Activity
Omitting all pictures, copy word for word the lines from the line containing "Dry and Snack Foods B202202TITLE" through the final line of the entries.

Records for this task
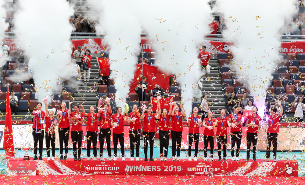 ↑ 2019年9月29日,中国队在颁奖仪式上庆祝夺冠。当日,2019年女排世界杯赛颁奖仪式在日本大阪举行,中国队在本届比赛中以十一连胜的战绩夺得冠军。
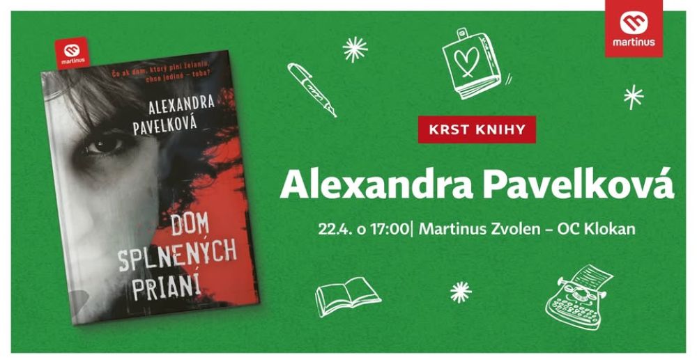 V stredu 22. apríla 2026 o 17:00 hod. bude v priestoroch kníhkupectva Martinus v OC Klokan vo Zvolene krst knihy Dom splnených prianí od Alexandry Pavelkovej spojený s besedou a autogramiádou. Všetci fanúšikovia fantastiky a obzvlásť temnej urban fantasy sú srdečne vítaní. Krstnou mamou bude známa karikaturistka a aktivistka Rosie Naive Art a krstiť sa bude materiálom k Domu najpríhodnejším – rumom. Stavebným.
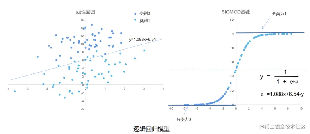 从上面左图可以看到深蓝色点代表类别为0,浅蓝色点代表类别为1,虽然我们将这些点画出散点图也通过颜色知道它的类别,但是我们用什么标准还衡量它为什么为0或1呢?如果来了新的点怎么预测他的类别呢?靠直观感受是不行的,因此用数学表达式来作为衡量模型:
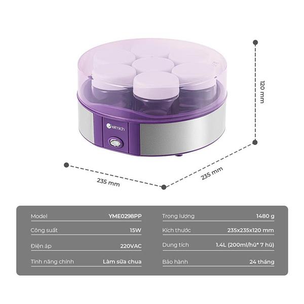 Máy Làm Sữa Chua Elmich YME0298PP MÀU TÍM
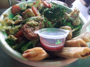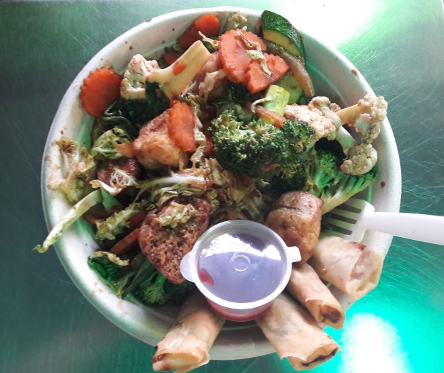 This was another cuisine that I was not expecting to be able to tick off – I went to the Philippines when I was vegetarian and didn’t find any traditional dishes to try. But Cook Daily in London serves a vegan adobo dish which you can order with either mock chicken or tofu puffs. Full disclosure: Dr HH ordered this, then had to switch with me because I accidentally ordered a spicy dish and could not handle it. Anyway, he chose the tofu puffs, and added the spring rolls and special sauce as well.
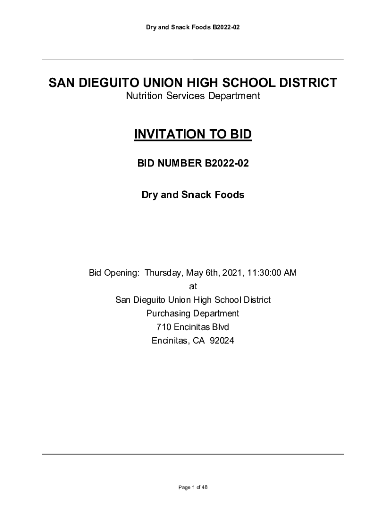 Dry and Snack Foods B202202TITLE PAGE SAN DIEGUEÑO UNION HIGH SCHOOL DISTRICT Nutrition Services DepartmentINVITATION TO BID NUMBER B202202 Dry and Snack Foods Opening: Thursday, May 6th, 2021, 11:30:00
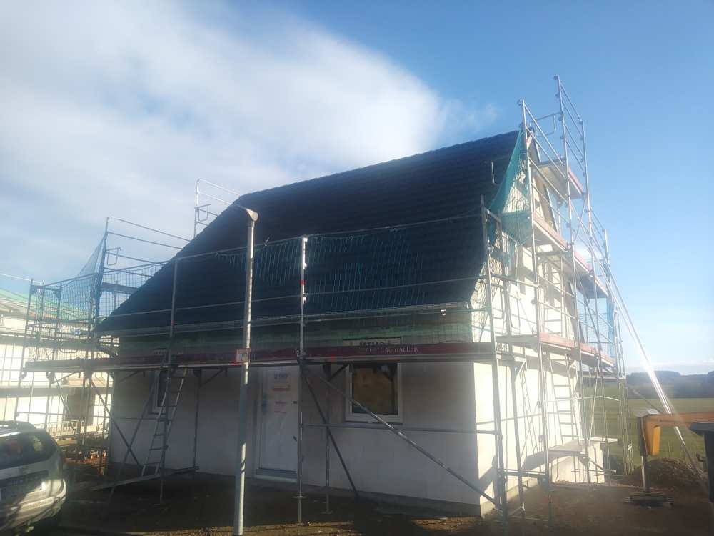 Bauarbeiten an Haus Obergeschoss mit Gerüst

Response
 Dry and Snack Foods B202202TITLE PAGE SAN DIEGUEÑO UNION HIGH SCHOOL DISTRICT Nutrition Services DepartmentINVITATION TO BID NUMBER B202202 Dry and Snack Foods Opening: Thursday, May 6th, 2021, 11:30:00
 Bauarbeiten an Haus Obergeschoss mit Gerüst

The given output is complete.